### PROBLEM STATEMENT
From the line below that contains "Pomimo niewielkich rozmiarów, komoda" to the line that contains "The colorful graffiti", repeat every line exactly, both ends included, and nothing else.

### GIVEN RECORDS
○ ○ ○

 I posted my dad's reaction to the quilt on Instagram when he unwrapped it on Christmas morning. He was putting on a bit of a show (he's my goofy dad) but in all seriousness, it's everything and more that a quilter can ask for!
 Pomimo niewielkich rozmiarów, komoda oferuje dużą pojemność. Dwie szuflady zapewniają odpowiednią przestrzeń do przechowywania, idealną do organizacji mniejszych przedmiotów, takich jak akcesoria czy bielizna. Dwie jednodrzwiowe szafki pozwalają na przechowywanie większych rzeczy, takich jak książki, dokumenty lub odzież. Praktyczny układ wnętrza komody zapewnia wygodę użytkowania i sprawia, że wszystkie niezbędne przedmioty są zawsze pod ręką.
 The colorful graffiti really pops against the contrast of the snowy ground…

○ ○ ○

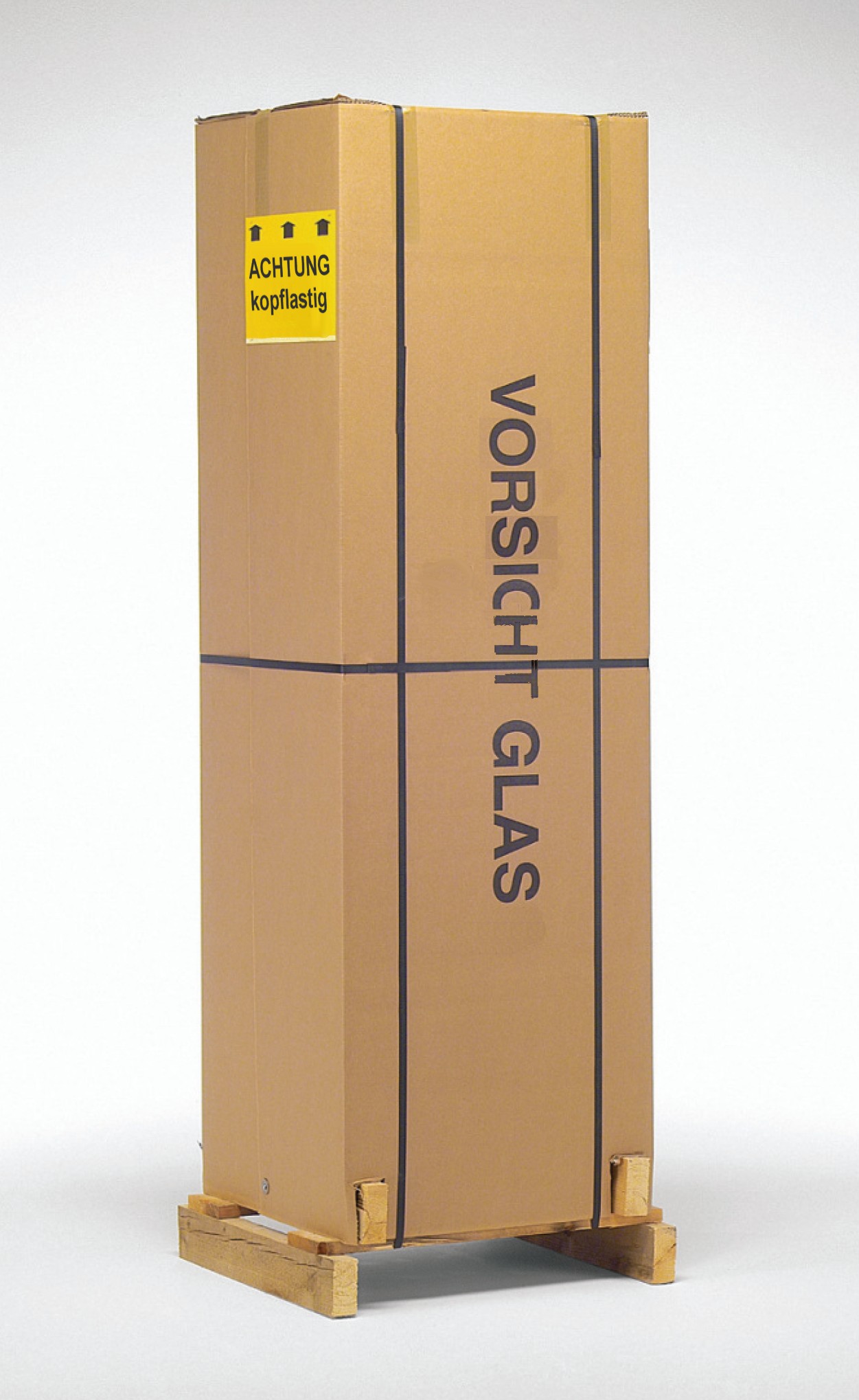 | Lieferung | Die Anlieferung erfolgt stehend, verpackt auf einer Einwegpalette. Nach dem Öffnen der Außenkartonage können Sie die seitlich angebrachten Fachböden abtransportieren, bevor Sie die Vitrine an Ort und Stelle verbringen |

○ ○ ○

### RESPONSE
 Pomimo niewielkich rozmiarów, komoda oferuje dużą pojemność. Dwie szuflady zapewniają odpowiednią przestrzeń do przechowywania, idealną do organizacji mniejszych przedmiotów, takich jak akcesoria czy bielizna. Dwie jednodrzwiowe szafki pozwalają na przechowywanie większych rzeczy, takich jak książki, dokumenty lub odzież. Praktyczny układ wnętrza komody zapewnia wygodę użytkowania i sprawia, że wszystkie niezbędne przedmioty są zawsze pod ręką.
 The colorful graffiti really pops against the contrast of the snowy ground…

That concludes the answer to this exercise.